Auch in Bayern ist die Gesamtzahl der Scheidungen und Eheschließungen gesunken. Nachdem es 2022 zu 20.290 Scheidungen gekommen war, waren es 19.727 Scheidungen im Jahr 2023. Je 1.000 Einwohner gab es in Bayern etwas weniger Scheidungen (1,51) als bundesweit (1,56) – jeweils errechnet auf Basis der neuen Bevölkerungszahlen im Zensus 2022.

Grafik: Wo in Bayern die meisten geschiedenen Menschen leben

Warum ist die Zahl der Scheidungen gesunken?

Neben der Zahl der Scheidungen ging auch die Zahl der Eheschließungen 2023 zurück, von bundesweit mehr als 390.000 auf rund 360.000. 2021 war die Zahl der Eheschließungen auf einen coronabedingten Tiefstwert von etwa 357.000 gefallen. In Bayern gab es 65.057 Eheschließungen im Jahr 2022, 2023 waren es dann nur noch 60.549 Eheschließungen.

Psychotherapeut Wolfgang Krüger aus Berlin erklärt gegenüber dpa, Menschen würden mittlerweile oft nur noch heiraten, wenn sie wirklich ineinander verliebt seien und das Gefühl hätten, dass die Ehe gelinge. "Wir haben bei der Ehe vorher eine gewisse Qualitätsauswahl", sagt Krüger.
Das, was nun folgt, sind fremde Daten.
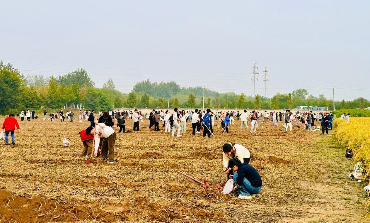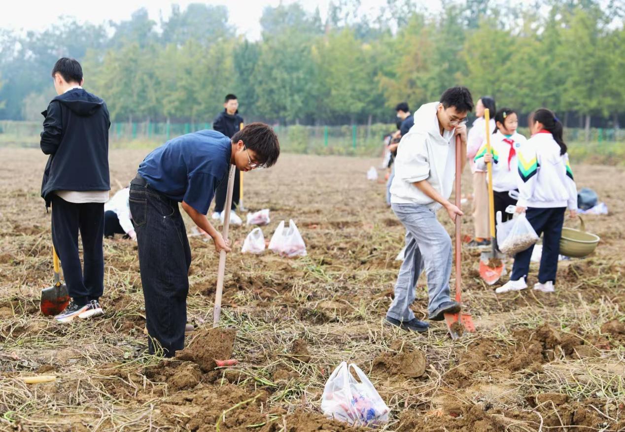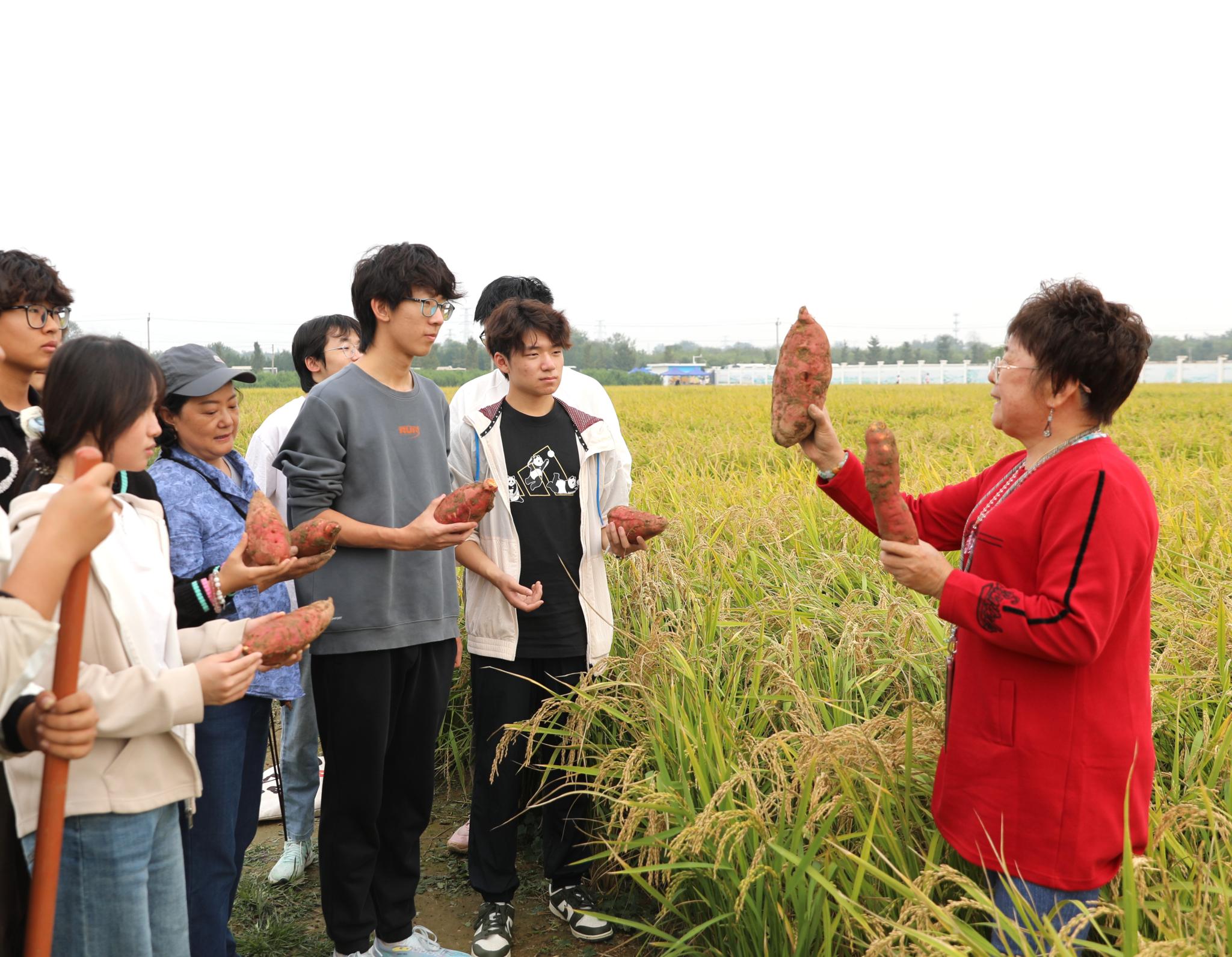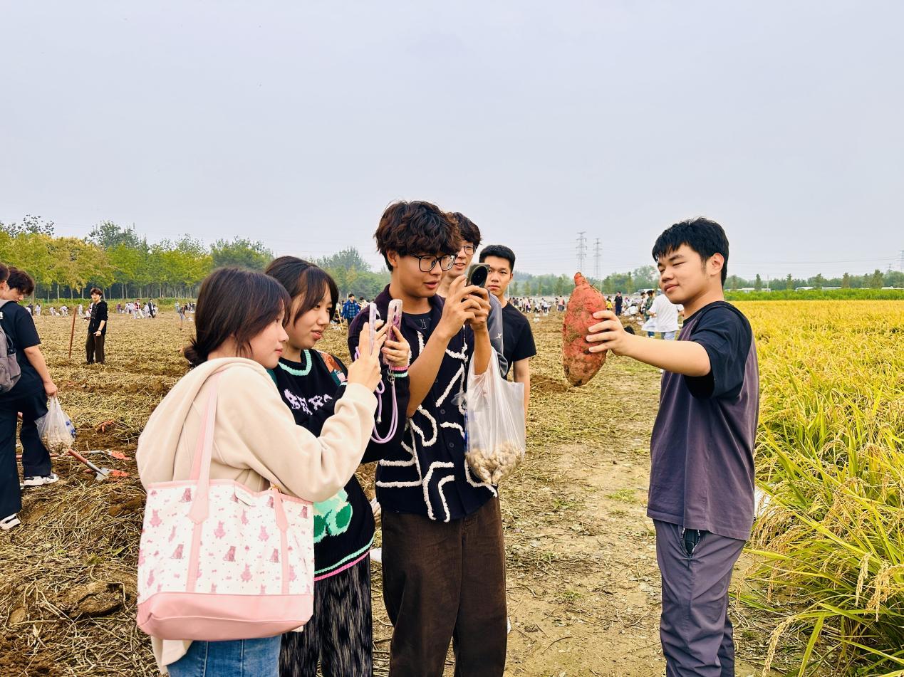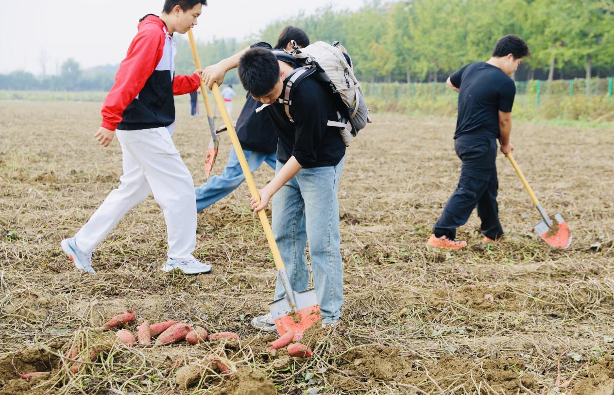 在一旁的红薯田里,来自北京大学、北京科技大学和北京体育大学的师生们,正俯身进行着一场细致的“地下寻宝”。“先找到红薯的根,红薯的‘家’通常安在根系周围10~15厘米的土层里,从四周将铁锹沉稳发力向下深掘,再顺势一撬,就能顺利挖出红薯了。”按照老师所授,同学们开始行动起来。当橙红饱满的红薯挣脱了泥土的怀抱,完整地呈现在眼前,“哇!”不少同学发出惊喜的赞叹声。
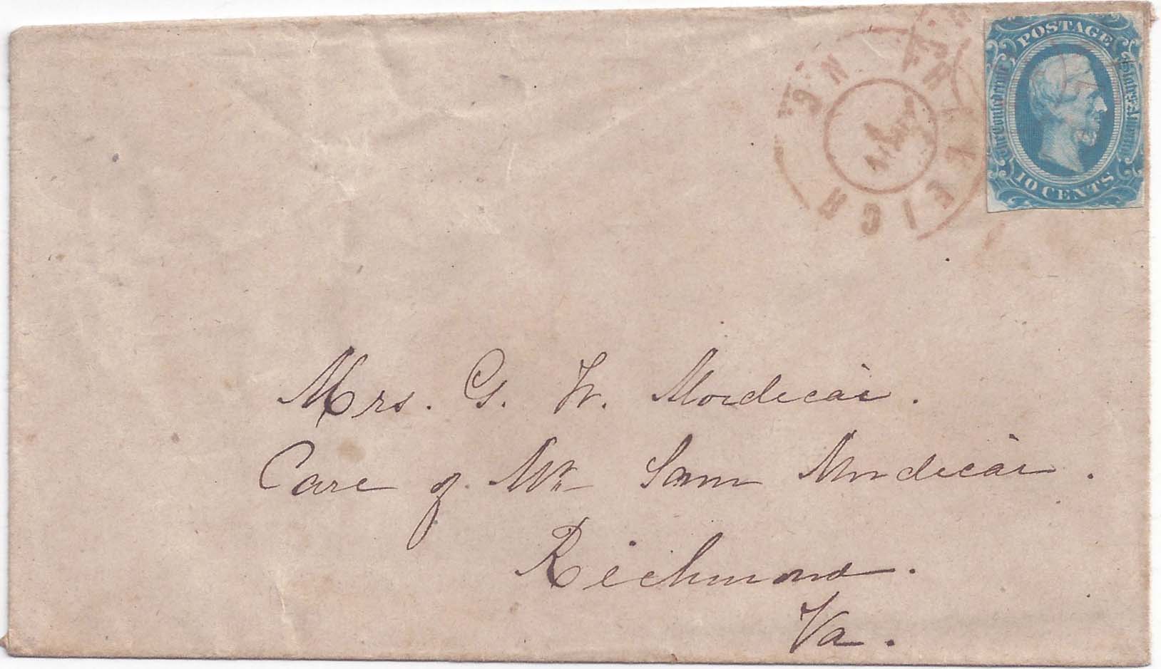CSA 12a, 10¢ milky blue tied double strike of neat red RALEIGH N.C. NOV 1 double-circle datestamp on cover to Mrs. G. W. Mordecai Care of Mr. Sam Mordecai, Richmond, Va., with flap opening tears. $170.

Im Unterschied zu den 60er- und 70er-Jahren müsse oftmals auch nicht mehr aus finanziellen Gründen oder wegen sozialen Drucks geheiratet werden. Zudem sei zu beobachten, dass die "Ehen tatsächlich in den letzten 20 Jahren erheblich besser geworden sind".

Trotzdem hat sich auch 2023 rund ein Drittel der Ehepaare für eine Scheidung entschieden, die Rate ist auf einer ähnlichen Höhe geblieben beziehungsweise minimal angestiegen: In Bayern wuchs der Wert von 31,19 Prozent in 2022 auf 32,58 in 2023, bundesweit von 35,15 Prozent im Jahr 2022 auf 35,74 im Jahr 2023.

Scheidung und Kinder: Bayern hat die wenigsten Ein-Eltern-Familien

Und bei vielen der Trennungen sind Kinder involviert: Etwas mehr als die Hälfte der 2023 geschiedenen Ehepaare (50,8 Prozent) hatte den Angaben zufolge minderjährigen Nachwuchs. Eine Scheidung stellt Familien vor die Frage, wie sie die Kinderbetreuung und -erziehung fortan organisieren. Viele Eltern werden alleinerziehend.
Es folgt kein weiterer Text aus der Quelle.